Und jetzt hatten seine harten Männer Gewalt gegen Latrell Macdonald ausgeübt. Latrell hatte Gewalt gegen Jeff Spearman ausgeübt. Aber hätte das Ganze überhaupt einen anderen Ausgang haben können?

In Titus’ von Buße bestimmtem Verstand war das eine berechtigte Frage, aber er erkannte auch, dass sie verdammt naiv war. Wenn du eine Axt nimmst, wirst du einen Baum fällen. Wenn du eine Waffe in die Hand nimmst, wirst du, ob du nun einen Stern trägst oder nicht, irgendwann einen Menschen umlegen.

Titus wusste, dass diese Möglichkeit immer bestand. Durch den Algorithmus der Strafverfolgung war es sogar fast unvermeidlich. Das machte es allerdings nicht leichter, sich mit der Tatsache abzufinden, dass er die Macht über Leben und Tod besaß.
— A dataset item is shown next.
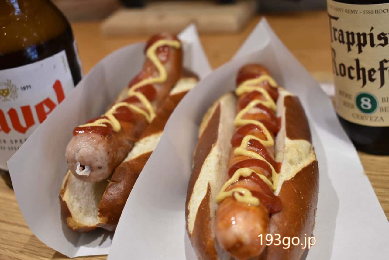 食べ応えのある焼きたてのハムやソーセージがベルギービールと共に楽しめる。

Als Jamal Addison ihm zum ersten Mal vorgeschlagen hatte, für das Amt des Sheriffs zu kandidieren, nachdem Emmet Thompson von Cooter Bennings angehalten und fast totgeschlagen worden war, war Titus zum Friedhof gegangen, um mit seiner Mutter darüber zu sprechen. Unter den traurigen Kiefern, die über dem Grab Wache hielten, hatte er sich geschworen, etwas zu verändern. Auch sich selbst. Er hatte gesehen, was sich so alles hinter der Thin Blue Line verbergen konnte, und es machte ihn krank. Fast so sehr wie das, was er getan hatte. Er hatte mit der Last eines Versprechens an einen Geist für das Amt des Sheriffs kandidiert.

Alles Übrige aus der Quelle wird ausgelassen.